• [SUPPLIED INFORMATION]
# # #
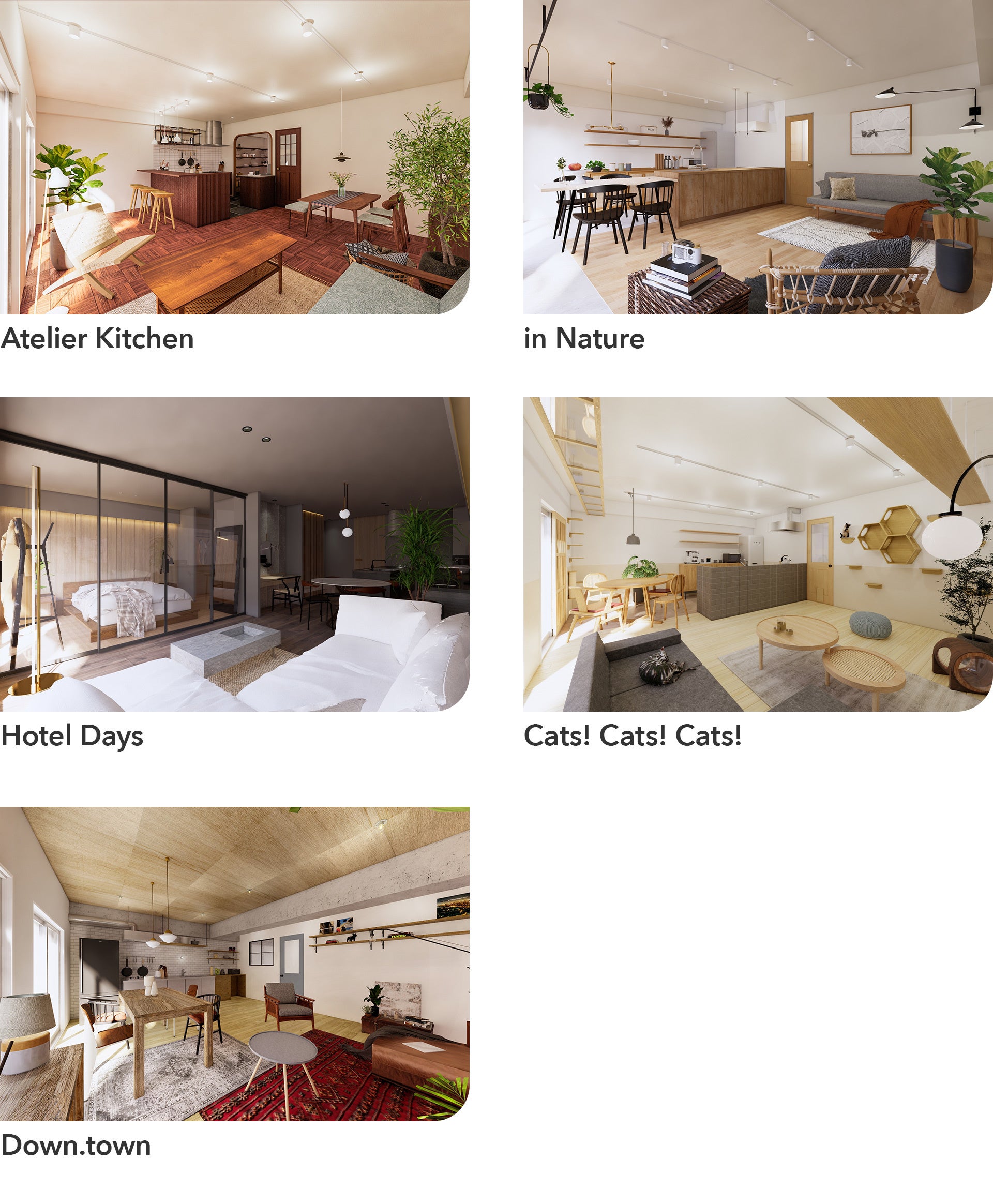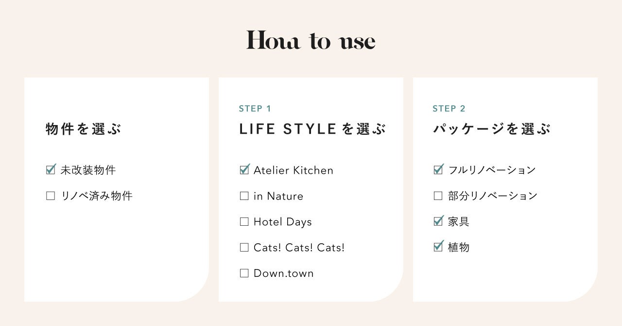 物件購入に合わせて、①カウカモが提案する5つの"ライフスタイル"(内装デザイン)から1つを選ぶ、②リノベーション、家具、植物の3つのパッケージから利用するものを選ぶ、というシンプルなプロセスで利用できます。5つの"ライフスタイル"は、「Atlier Kitchen(アトリエキッチン)」「in Nature(インネイチャー)」「Hotel Days(ホテルデイズ)」など、多様な好みに応えられるラインナップです。
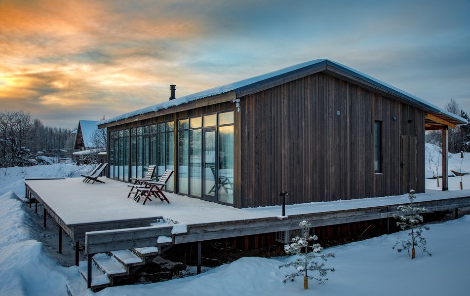 Инфраструктура комплекса заточена под неторопливый отдых и гастрономические впечатления. Ресторан с московским шеф-поваром удивляет авторским прочтением северной кухни, а его панорамные окна обращены прямо к озеру. Для проведения мероприятий предусмотрен событийный зал с такой же впечатляющей видовой характеристикой. Ландшафт вокруг домов спроектирован так, чтобы создать ощущение тихих уединённых двориков: холмы и валуны защищают от ветра и посторонних взглядов. Центральное здание с живой крышей буквально растворяется в окружающей природе, не нарушая естественного пейзажа.
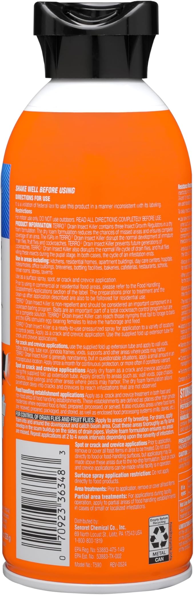 - Extension tube allows for precise application of TERRO Drain Insect Killer Foam
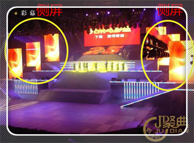 通常年会LED屏幕,由主屏和侧屏共同组成。侧屏会使整体的播放屏幕有立体环绕的效果,同时也可以达到舞台美观的作用。
# # #
• [PROBLEM TO WORK ON] Your copy of the data should match it exactly, apart from the images, which are omitted.

• [SOLUTION TO THIS TASK]
 物件購入に合わせて、①カウカモが提案する5つの"ライフスタイル"(内装デザイン)から1つを選ぶ、②リノベーション、家具、植物の3つのパッケージから利用するものを選ぶ、というシンプルなプロセスで利用できます。5つの"ライフスタイル"は、「Atlier Kitchen(アトリエキッチン)」「in Nature(インネイチャー)」「Hotel Days(ホテルデイズ)」など、多様な好みに応えられるラインナップです。
 Инфраструктура комплекса заточена под неторопливый отдых и гастрономические впечатления. Ресторан с московским шеф-поваром удивляет авторским прочтением северной кухни, а его панорамные окна обращены прямо к озеру. Для проведения мероприятий предусмотрен событийный зал с такой же впечатляющей видовой характеристикой. Ландшафт вокруг домов спроектирован так, чтобы создать ощущение тихих уединённых двориков: холмы и валуны защищают от ветра и посторонних взглядов. Центральное здание с живой крышей буквально растворяется в окружающей природе, не нарушая естественного пейзажа.
 - Extension tube allows for precise application of TERRO Drain Insect Killer Foam
 通常年会LED屏幕,由主屏和侧屏共同组成。侧屏会使整体的播放屏幕有立体环绕的效果,同时也可以达到舞台美观的作用。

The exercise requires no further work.